§ Your task:
Without the images, repeat every line of the listing verbatim.

§ Data:

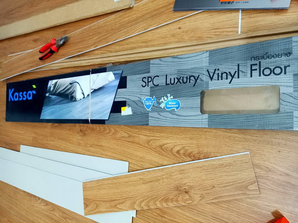 เราบอกว่าอยากได้บ้านไม้อบอุ่น คุณแฟนจัดไปปูพื้นไวนิลสีไม้แบบคลิกล็อคค่ะ ช่วยกันติดตั้ง ห้องนี้สองวันก็เป็นอันเสร็จค่ะ
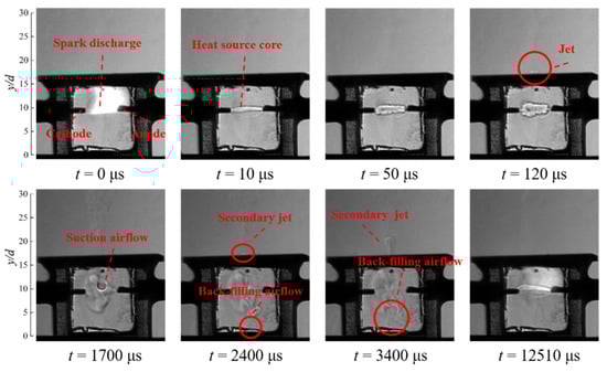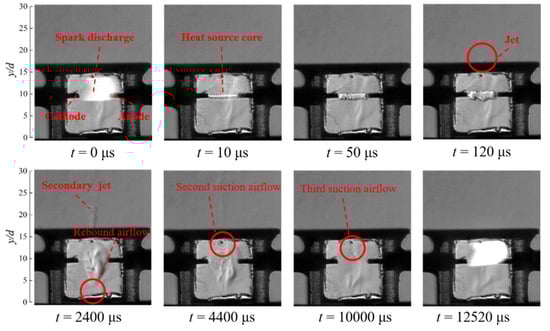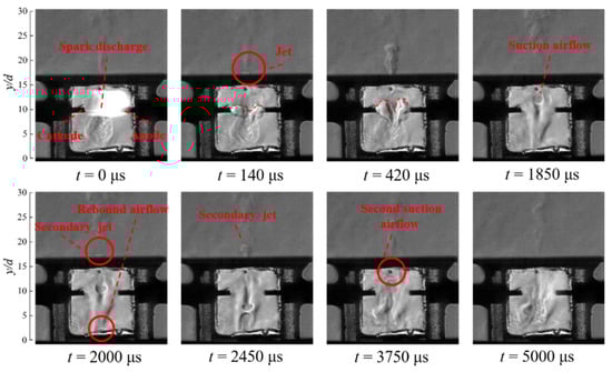 The flow-field state in the cavity under a conventional excitation state is shown in Figure 8. The discharge process and jet generation process were similar to those under the air supplement excitation state; however, at t = 1750 μs, a secondary jet appeared. Compared with the air supplement excitation state, the secondary jet appeared earlier and faster in the conventional excitation state.
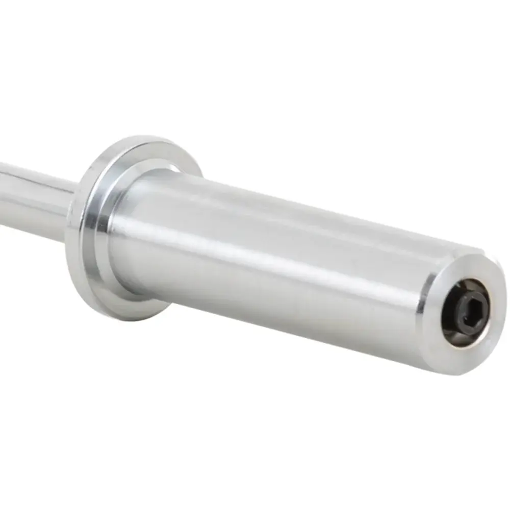 Diseñada para discos olímpicos de 2 pulgadas, cuenta con manguitos giratorios para minimizar la tensión en los antebrazos durante los levantamientos. El agarre moleteado garantiza una sujeción firme y segura en todo momento.
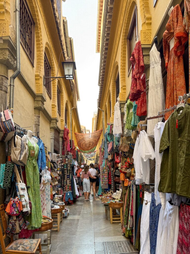 Just a few minutes away, the Alcaicería is Granada’s old bazaar area. Historically, this was the city’s silk market, and although what you see today is a later reconstruction rather than the full original market, it still gives you that maze-like, souk-style feel that makes this part of Granada so fun to explore.
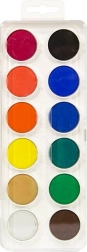 La palette rectangulaire en plastique est légère, résistante et pratique à transporter à l’école ou à l’atelier. Le set de 12 couleurs couvre une palette de base pour peindre sur papier, carton ou blocs pour aquarelle.
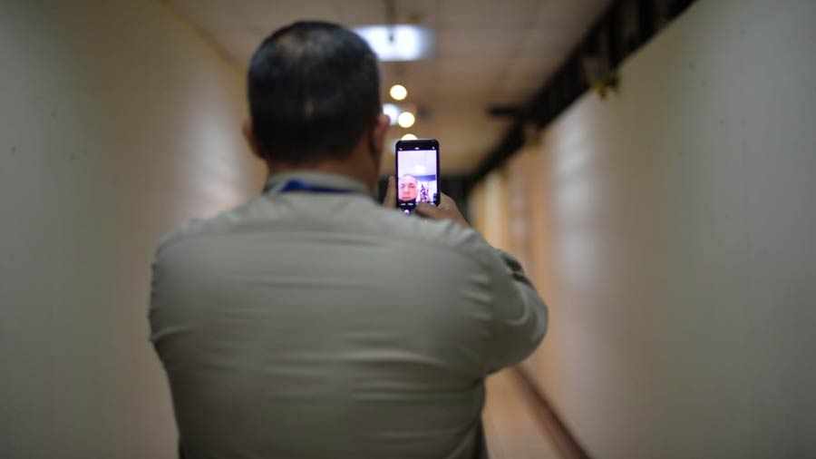 - Un empleado de la Asamblea Legislativa se toma una fotografía en los pasillos de la Asamblea antes de que lleguen todos los diputados. Foto EDH/ Jonatan Funes
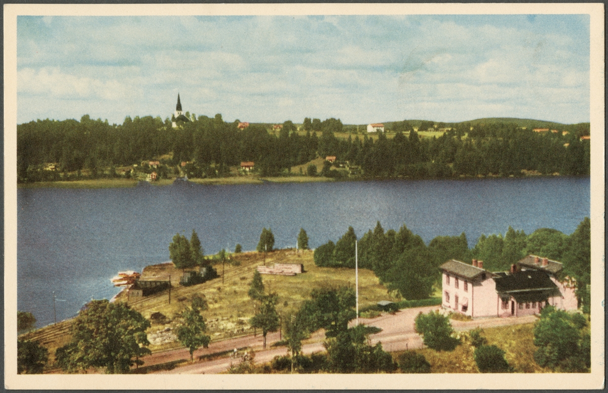 Fryksta. Stora Kils kyrka samt före detta järnvägsstationen.
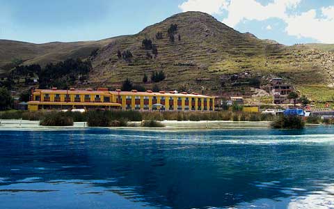 Fra rommet kunne jeg se direkte ut på Lake Titicaca eller ned i hagen hvor de var i gang med å klippe plenen,
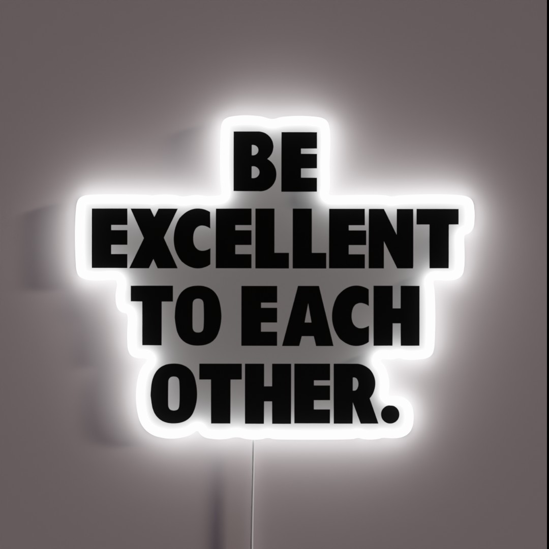 Add a touch of 80s nostalgia and modern flair with our ‘Be Excellent to Each Other’ RGB neon sign, perfect for home decor or office spaces.
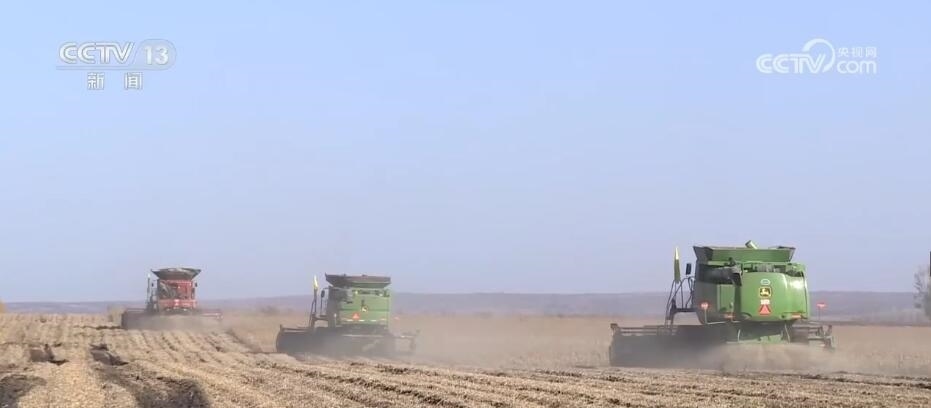 北大荒集團趙光農(nóng)場有限公司第九管理區(qū)副主任 周磊:半鏈軌過去之后,不破壞壟型,不誤車,能加快秋收的作業(yè)速度。我們預計在(10月)18日大豆全部收獲結束。

§ Exercise response:
 เราบอกว่าอยากได้บ้านไม้อบอุ่น คุณแฟนจัดไปปูพื้นไวนิลสีไม้แบบคลิกล็อคค่ะ ช่วยกันติดตั้ง ห้องนี้สองวันก็เป็นอันเสร็จค่ะ
 The flow-field state in the cavity under a conventional excitation state is shown in Figure 8. The discharge process and jet generation process were similar to those under the air supplement excitation state; however, at t = 1750 μs, a secondary jet appeared. Compared with the air supplement excitation state, the secondary jet appeared earlier and faster in the conventional excitation state.
 Diseñada para discos olímpicos de 2 pulgadas, cuenta con manguitos giratorios para minimizar la tensión en los antebrazos durante los levantamientos. El agarre moleteado garantiza una sujeción firme y segura en todo momento.
 Just a few minutes away, the Alcaicería is Granada’s old bazaar area. Historically, this was the city’s silk market, and although what you see today is a later reconstruction rather than the full original market, it still gives you that maze-like, souk-style feel that makes this part of Granada so fun to explore.
 La palette rectangulaire en plastique est légère, résistante et pratique à transporter à l’école ou à l’atelier. Le set de 12 couleurs couvre une palette de base pour peindre sur papier, carton ou blocs pour aquarelle.
 - Un empleado de la Asamblea Legislativa se toma una fotografía en los pasillos de la Asamblea antes de que lleguen todos los diputados. Foto EDH/ Jonatan Funes
 Fryksta. Stora Kils kyrka samt före detta järnvägsstationen.
 Fra rommet kunne jeg se direkte ut på Lake Titicaca eller ned i hagen hvor de var i gang med å klippe plenen,
 Add a touch of 80s nostalgia and modern flair with our ‘Be Excellent to Each Other’ RGB neon sign, perfect for home decor or office spaces.
 北大荒集團趙光農(nóng)場有限公司第九管理區(qū)副主任 周磊:半鏈軌過去之后,不破壞壟型,不誤車,能加快秋收的作業(yè)速度。我們預計在(10月)18日大豆全部收獲結束。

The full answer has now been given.